His insistence on being allowed to retain his questionable title of Tui Viti proved unacceptable to the British government, which turned his offer down after four years of consideration in 1862. This followed a report from Colonel W.J. Smythe, who had come to the conclusion, after interviewing every Paramount Chief in Fiji, that Cakobau's title was self-assumed and by no means universally accepted by his fellow chiefs, and that he did not have the authority to cede the islands.

== Establishment of the kingdom ==

Cakobau next turned to the Australian-based Polynesia Company. The rising price of cotton in the wake of the American Civil War (1861–1865) had interested the Polynesia Company in acquiring land in Fiji for planting. In return for 5,000 km^{2}, the company agreed to pay Cakobau's debt. Australian settlers landed on 575 km2 of land in Viti Levu, near what was then a Fijian village called Suva, in 1868.

The Polynesia Company settlers were joined by a further several thousand planters throughout the 1860s and 1870s. Often fraudulently, they obtained Fijian land, often in exchange for weapons or alcohol. Competing land claims followed, with no unified government to settle the disputes. Frustrations peaked following the collapse of cotton prices and the destruction of the crop by hurricanes in 1870.

On 5 June 1871, John Bates Thurston, the British honorary consul, forged a "marriage of convenience" between Cakobau and the settlers, and persuaded the Fijian chiefs to accept a constitutional monarchy with Cakobau as king, but with real power in the hands of a cabinet and Legislature dominated by settlers. The Legislative Assembly met for the first time in Levuka in November 1871.

== Cession to the United Kingdom ==

The new arrangements proved no more workable than the old. Within months, government overspending had led to the accumulation of another unmanageable debt. In 1872, following continuing economic and social unrest, Thurston approached the British government, at Cakobau's request, with another offer to cede the islands. The British were much more sympathetic to annexing Fiji this time than they had been almost two decades earlier.

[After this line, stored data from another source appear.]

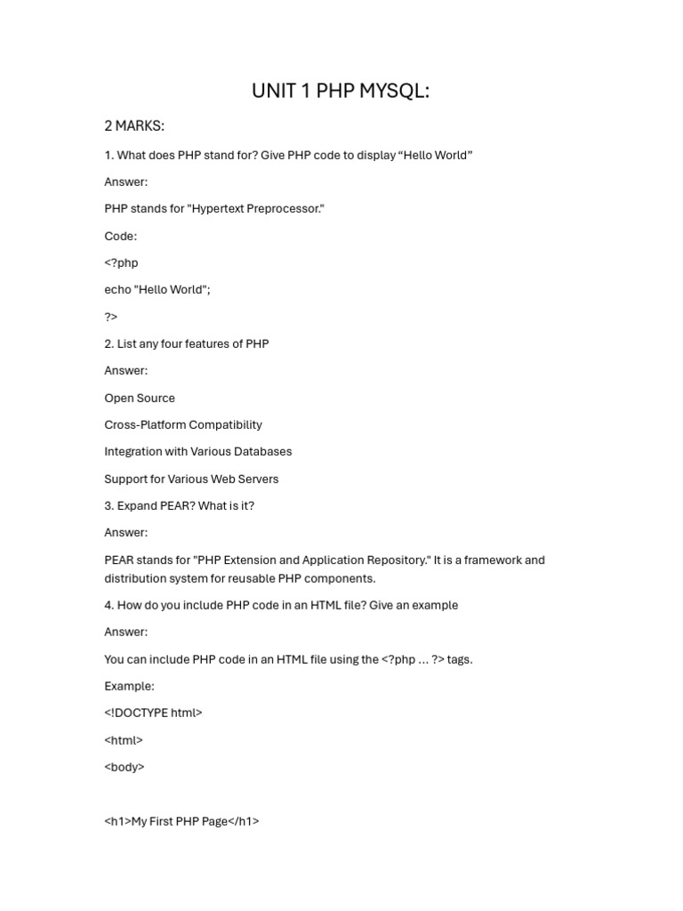 UNIT 1 PHP MYSQL: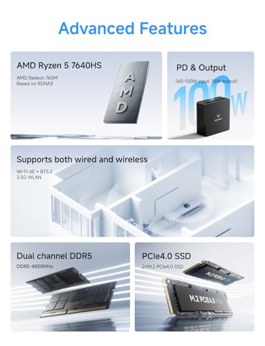 【Ryzen 5 7640HS Processor】: The UM760 Slim Mini PC comes with AMD Ryzen 5 7640H (6C/12T up to 5.0Ghz) processor. The faster performance can handle heavy computing tasks smoothly and better for multitasking. It widely used for light games, image editing, browsing, watching movies, programming etc.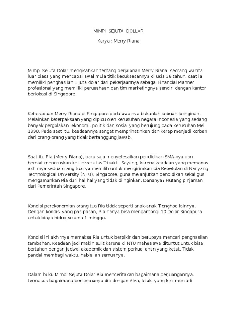 Resensi Novel “Mimpi Sejuta Dolar” karya:Merry Riana. Nina Triana Ningsih, ilmu pendidikan E - YouTube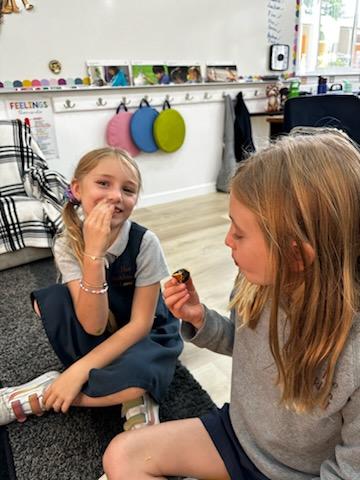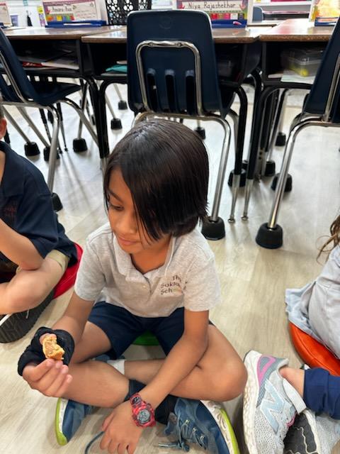 Two sixth graders also shared their family traditions, teaching classmates about Diwali’s symbolism and the use of marigold garlands and diyas. After learning and crafting, the class enjoyed traditional sweets—gulab jamun and milk cake—while connecting their discussion to the novel The Night Diary and previewing their upcoming study of ancient India and Hinduism.

The murder of Bishop John Coleridge Patteson of the Melanesian Mission at Nukapu in the Reef Islands had provoked public outrage, which was compounded by the massacre by crew members of more than 150 Fijians on board the brig Carl. Two British commissioners were sent to Fiji to investigate the possibility of an annexation. The question was complicated by manoeuvrings for power between Cakobau and his old rival, Ma'afu, with both men vacillating for many months.

On 21 March 1874, Cakobau made a final offer, which the British accepted. On 23 September, Sir Hercules Robinson, soon to be appointed the British Governor of Fiji, arrived on HMS Dido and received Cakobau with a royal 21-gun salute. After some vacillation, Cakobau agreed to renounce his Tui Viti title.

The formal cession took place on 10 October 1874, when Cakobau, Ma'afu, and some of the senior Chiefs of Fiji signed two copies of the Deed of Cession. Thus the Colony of Fiji was founded; 96 years of British rule followed.